■ **EXERCISE**
All lines in the data bearing the string "count" should be identified and copied.

■ **THE DATA**
Start of Block
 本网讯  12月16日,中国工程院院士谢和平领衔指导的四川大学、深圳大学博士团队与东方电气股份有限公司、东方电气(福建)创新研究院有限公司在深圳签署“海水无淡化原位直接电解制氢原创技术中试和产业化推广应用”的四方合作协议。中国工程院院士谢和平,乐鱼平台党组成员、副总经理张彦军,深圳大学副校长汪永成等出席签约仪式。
End of Block
Start of Block
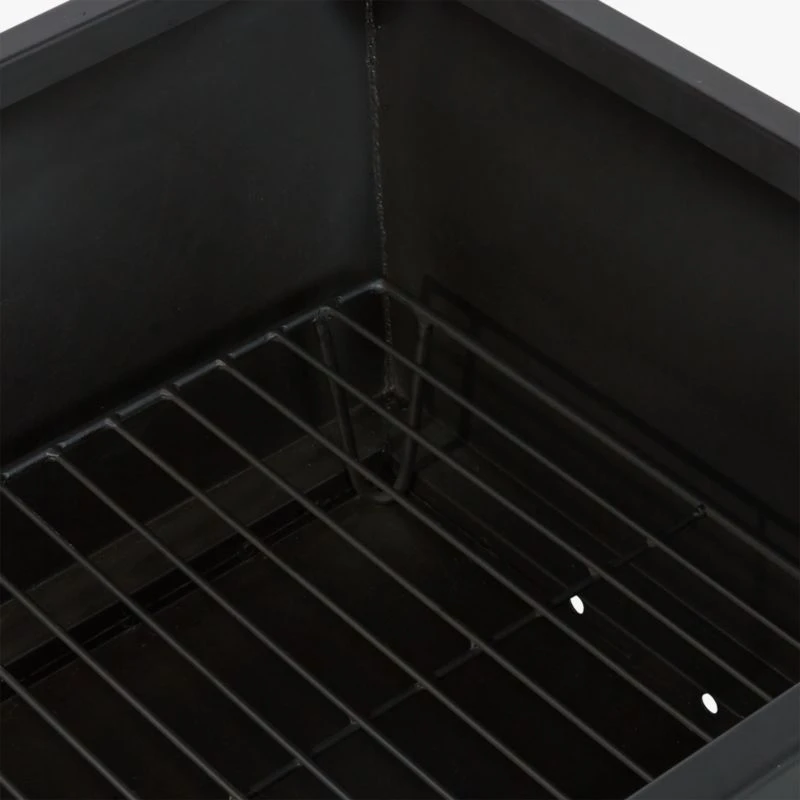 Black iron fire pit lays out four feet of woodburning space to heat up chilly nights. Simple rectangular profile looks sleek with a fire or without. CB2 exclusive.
End of Block
Start of Block
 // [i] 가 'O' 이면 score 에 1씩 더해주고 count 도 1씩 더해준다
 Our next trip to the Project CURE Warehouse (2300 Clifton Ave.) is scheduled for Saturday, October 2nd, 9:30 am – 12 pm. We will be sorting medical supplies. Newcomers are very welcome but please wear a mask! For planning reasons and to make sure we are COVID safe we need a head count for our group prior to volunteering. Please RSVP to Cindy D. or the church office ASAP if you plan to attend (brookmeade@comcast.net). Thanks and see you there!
End of Block
■ **WORKED SOLUTION**
 // [i] 가 'O' 이면 score 에 1씩 더해주고 count 도 1씩 더해준다
 Our next trip to the Project CURE Warehouse (2300 Clifton Ave.) is scheduled for Saturday, October 2nd, 9:30 am – 12 pm. We will be sorting medical supplies. Newcomers are very welcome but please wear a mask! For planning reasons and to make sure we are COVID safe we need a head count for our group prior to volunteering. Please RSVP to Cindy D. or the church office ASAP if you plan to attend (brookmeade@comcast.net). Thanks and see you there!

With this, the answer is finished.